## Exercise prompt
Keep only the lines that hold the string "Louvain", filtering out the rest of the entries below.
(Available records)
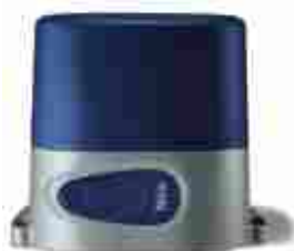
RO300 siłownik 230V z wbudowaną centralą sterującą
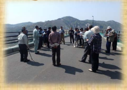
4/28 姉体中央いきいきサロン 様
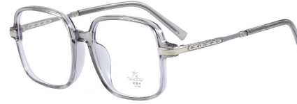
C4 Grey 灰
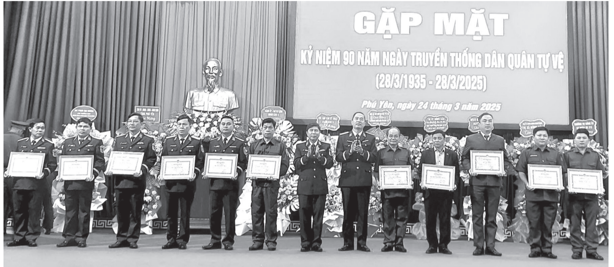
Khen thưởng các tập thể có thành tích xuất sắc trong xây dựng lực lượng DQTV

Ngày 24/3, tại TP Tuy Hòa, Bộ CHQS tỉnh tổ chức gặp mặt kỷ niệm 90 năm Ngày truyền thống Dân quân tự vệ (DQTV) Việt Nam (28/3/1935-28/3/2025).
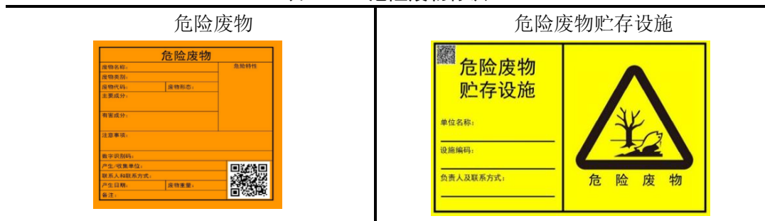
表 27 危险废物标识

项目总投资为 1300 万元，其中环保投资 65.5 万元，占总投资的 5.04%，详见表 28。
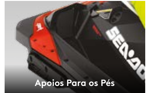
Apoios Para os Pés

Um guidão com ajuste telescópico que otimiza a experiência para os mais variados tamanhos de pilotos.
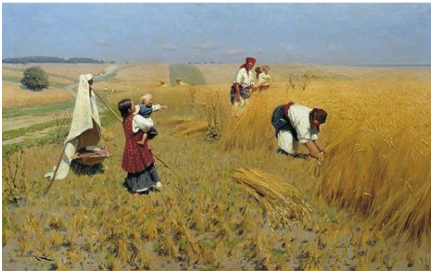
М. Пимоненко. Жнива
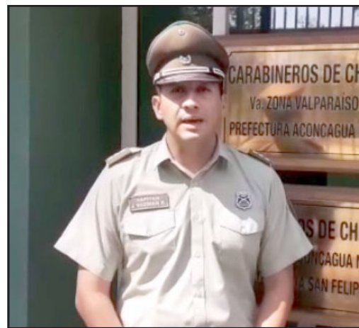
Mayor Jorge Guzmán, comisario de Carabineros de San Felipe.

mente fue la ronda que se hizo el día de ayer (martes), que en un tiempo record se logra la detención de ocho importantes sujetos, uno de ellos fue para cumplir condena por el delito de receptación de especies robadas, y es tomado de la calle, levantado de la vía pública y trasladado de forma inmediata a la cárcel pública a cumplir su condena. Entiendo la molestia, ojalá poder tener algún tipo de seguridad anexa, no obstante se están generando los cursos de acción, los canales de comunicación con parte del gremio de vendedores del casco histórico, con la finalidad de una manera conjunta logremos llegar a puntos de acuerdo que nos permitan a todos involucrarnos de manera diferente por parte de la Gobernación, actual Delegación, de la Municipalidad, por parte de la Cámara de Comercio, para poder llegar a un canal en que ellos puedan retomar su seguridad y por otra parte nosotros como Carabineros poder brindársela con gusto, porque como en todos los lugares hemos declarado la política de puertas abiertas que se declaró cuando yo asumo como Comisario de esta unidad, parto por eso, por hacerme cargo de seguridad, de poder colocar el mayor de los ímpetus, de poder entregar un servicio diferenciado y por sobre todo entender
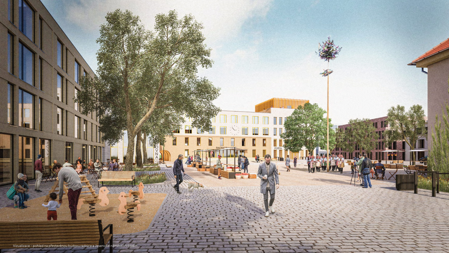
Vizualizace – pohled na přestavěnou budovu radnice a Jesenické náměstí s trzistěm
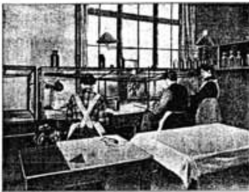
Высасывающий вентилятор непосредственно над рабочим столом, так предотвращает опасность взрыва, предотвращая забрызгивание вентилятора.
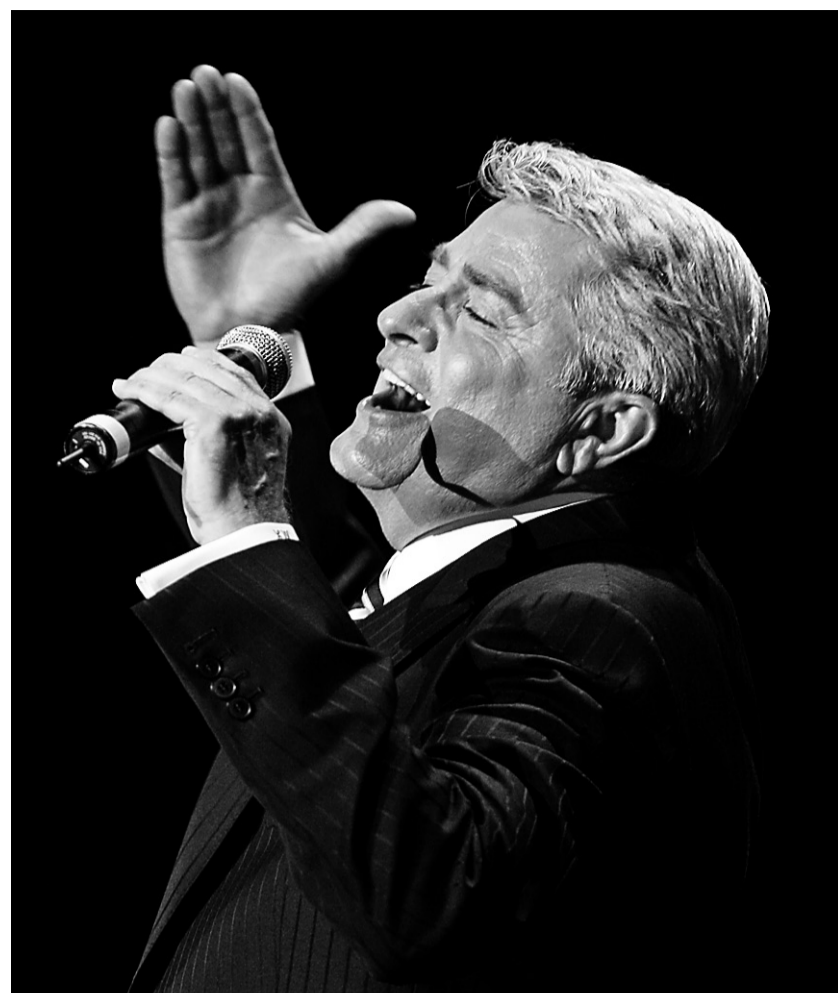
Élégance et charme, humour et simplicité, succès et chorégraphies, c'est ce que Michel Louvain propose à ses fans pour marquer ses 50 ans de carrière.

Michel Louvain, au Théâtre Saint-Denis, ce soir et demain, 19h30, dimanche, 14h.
(End Available records)
(Available records)
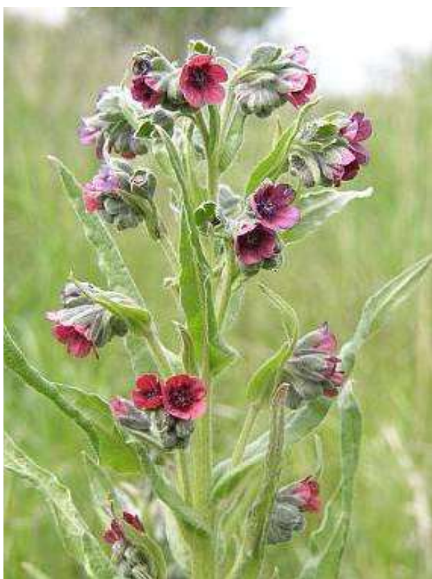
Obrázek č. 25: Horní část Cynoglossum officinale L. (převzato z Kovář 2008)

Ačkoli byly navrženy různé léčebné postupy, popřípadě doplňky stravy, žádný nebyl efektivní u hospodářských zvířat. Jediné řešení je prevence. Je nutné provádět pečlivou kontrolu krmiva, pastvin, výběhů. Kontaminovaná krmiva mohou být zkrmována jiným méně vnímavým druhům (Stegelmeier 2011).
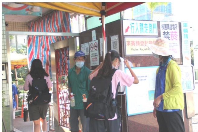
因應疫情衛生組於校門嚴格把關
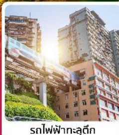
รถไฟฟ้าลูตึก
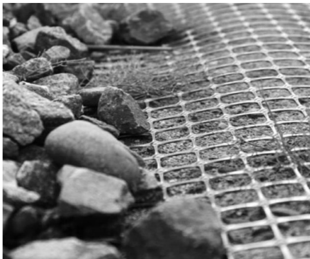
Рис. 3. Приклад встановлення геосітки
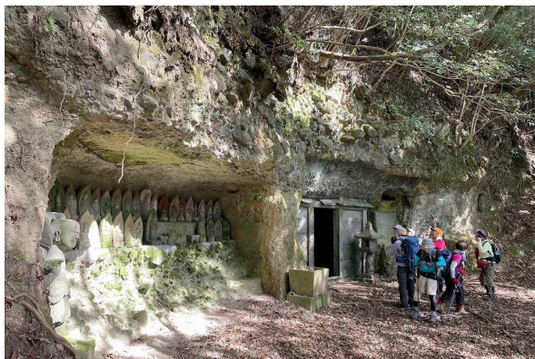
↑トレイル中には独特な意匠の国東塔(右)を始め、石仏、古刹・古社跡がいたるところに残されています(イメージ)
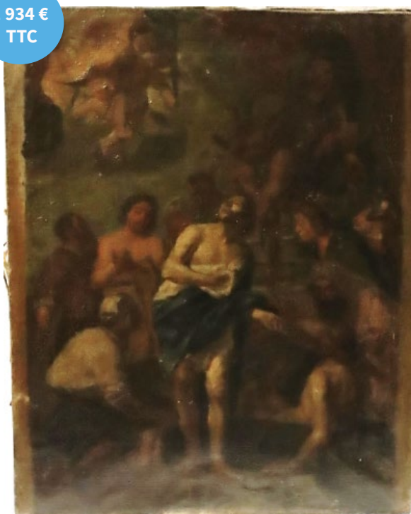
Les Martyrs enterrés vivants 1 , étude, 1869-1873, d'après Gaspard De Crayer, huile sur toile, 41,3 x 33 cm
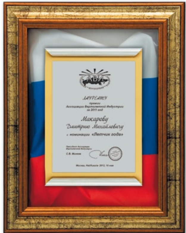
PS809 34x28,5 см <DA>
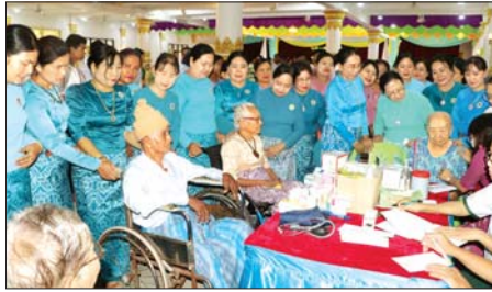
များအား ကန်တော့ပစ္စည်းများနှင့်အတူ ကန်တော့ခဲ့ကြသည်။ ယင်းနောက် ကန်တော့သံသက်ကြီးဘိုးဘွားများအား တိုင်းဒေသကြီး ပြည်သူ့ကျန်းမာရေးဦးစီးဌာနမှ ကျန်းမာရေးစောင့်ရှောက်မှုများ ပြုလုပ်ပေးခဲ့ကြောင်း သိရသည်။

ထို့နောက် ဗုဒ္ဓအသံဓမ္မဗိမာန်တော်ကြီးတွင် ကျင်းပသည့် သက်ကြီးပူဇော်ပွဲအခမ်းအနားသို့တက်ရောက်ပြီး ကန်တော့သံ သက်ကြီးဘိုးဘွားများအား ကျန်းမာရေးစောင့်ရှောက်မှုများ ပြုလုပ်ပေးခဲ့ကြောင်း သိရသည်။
(End Available records)
(Available records)
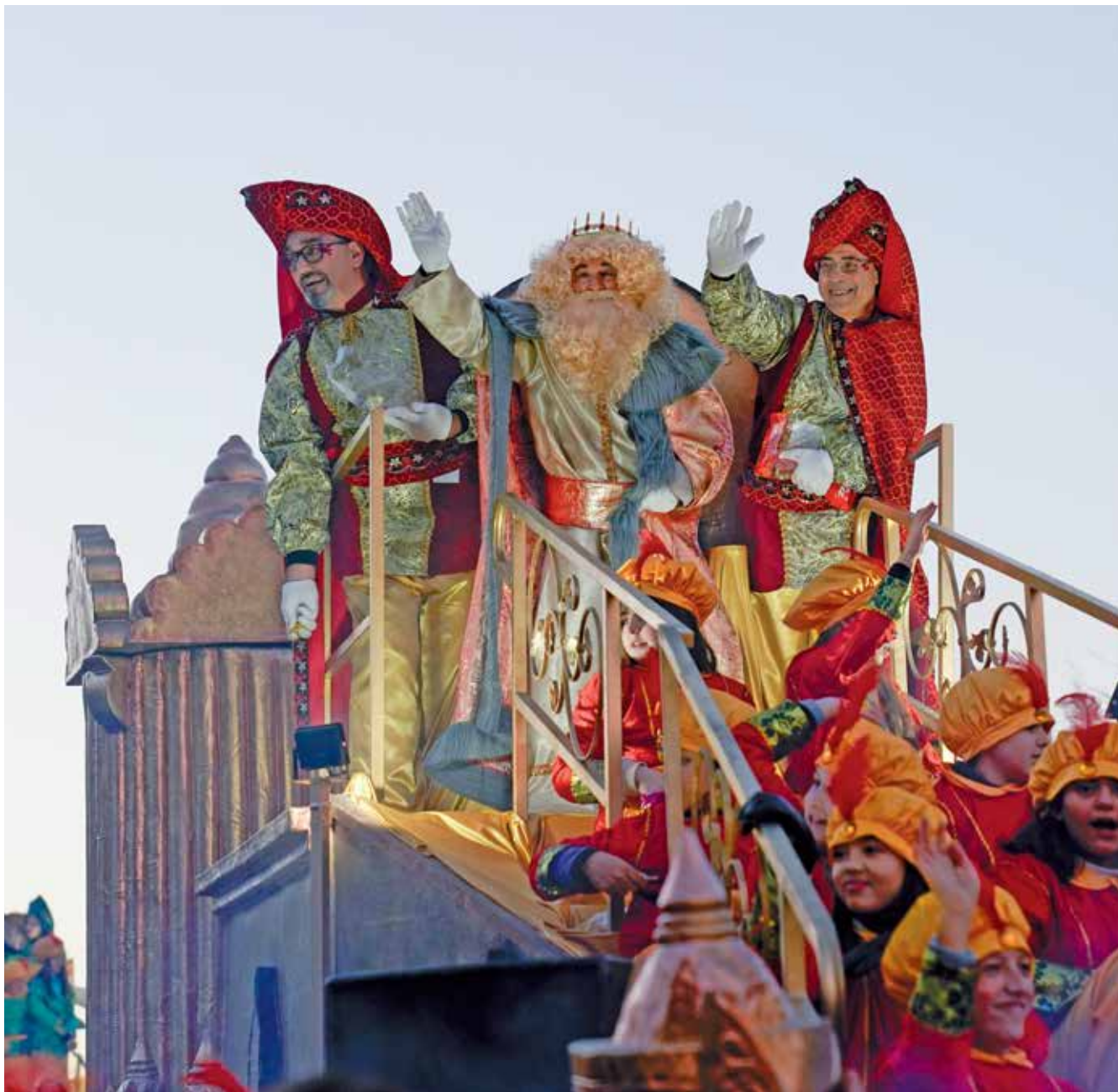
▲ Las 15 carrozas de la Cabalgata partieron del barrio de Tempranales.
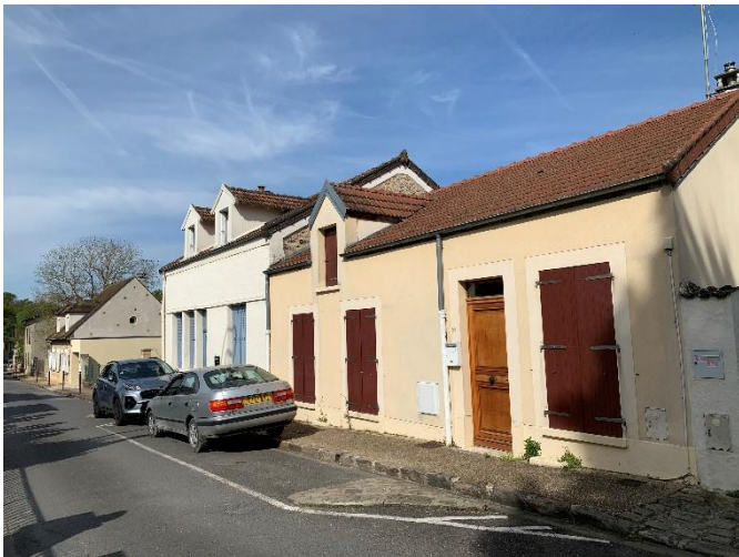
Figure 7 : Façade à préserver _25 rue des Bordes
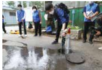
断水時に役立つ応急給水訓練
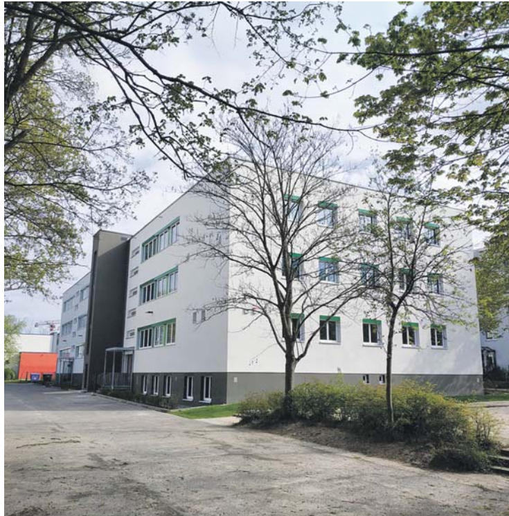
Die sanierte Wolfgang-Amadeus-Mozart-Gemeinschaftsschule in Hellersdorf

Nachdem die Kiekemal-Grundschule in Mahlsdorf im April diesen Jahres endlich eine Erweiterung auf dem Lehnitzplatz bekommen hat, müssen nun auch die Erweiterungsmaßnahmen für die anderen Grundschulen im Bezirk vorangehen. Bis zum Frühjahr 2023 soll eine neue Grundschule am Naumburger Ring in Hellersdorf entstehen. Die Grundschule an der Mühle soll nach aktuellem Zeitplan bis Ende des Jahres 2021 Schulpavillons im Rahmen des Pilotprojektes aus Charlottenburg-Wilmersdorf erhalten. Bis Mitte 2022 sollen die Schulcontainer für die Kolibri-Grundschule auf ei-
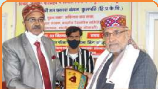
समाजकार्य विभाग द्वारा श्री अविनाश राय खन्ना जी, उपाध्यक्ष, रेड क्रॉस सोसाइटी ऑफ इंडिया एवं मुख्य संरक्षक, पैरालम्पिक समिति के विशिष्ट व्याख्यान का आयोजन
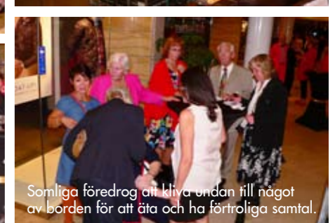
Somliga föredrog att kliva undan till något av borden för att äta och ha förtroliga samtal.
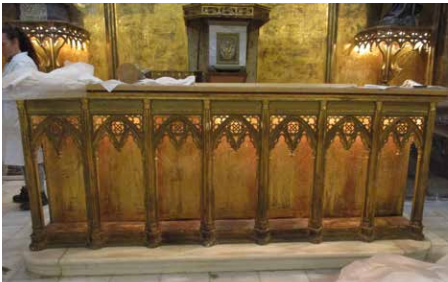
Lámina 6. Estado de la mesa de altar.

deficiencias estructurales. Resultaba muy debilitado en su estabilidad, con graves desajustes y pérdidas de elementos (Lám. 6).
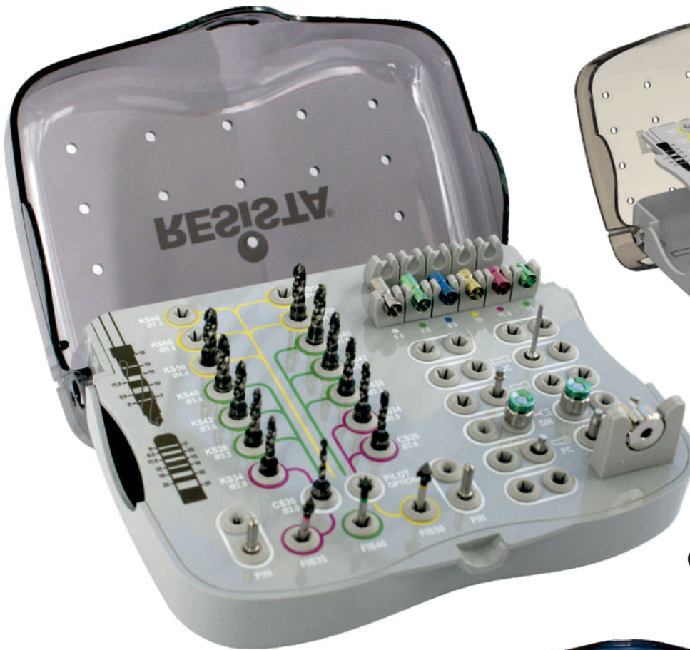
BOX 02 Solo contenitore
(End Available records)
## Your response
Élégance et charme, humour et simplicité, succès et chorégraphies, c'est ce que Michel Louvain propose à ses fans pour marquer ses 50 ans de carrière.
Michel Louvain, au Théâtre Saint-Denis, ce soir et demain, 19h30, dimanche, 14h.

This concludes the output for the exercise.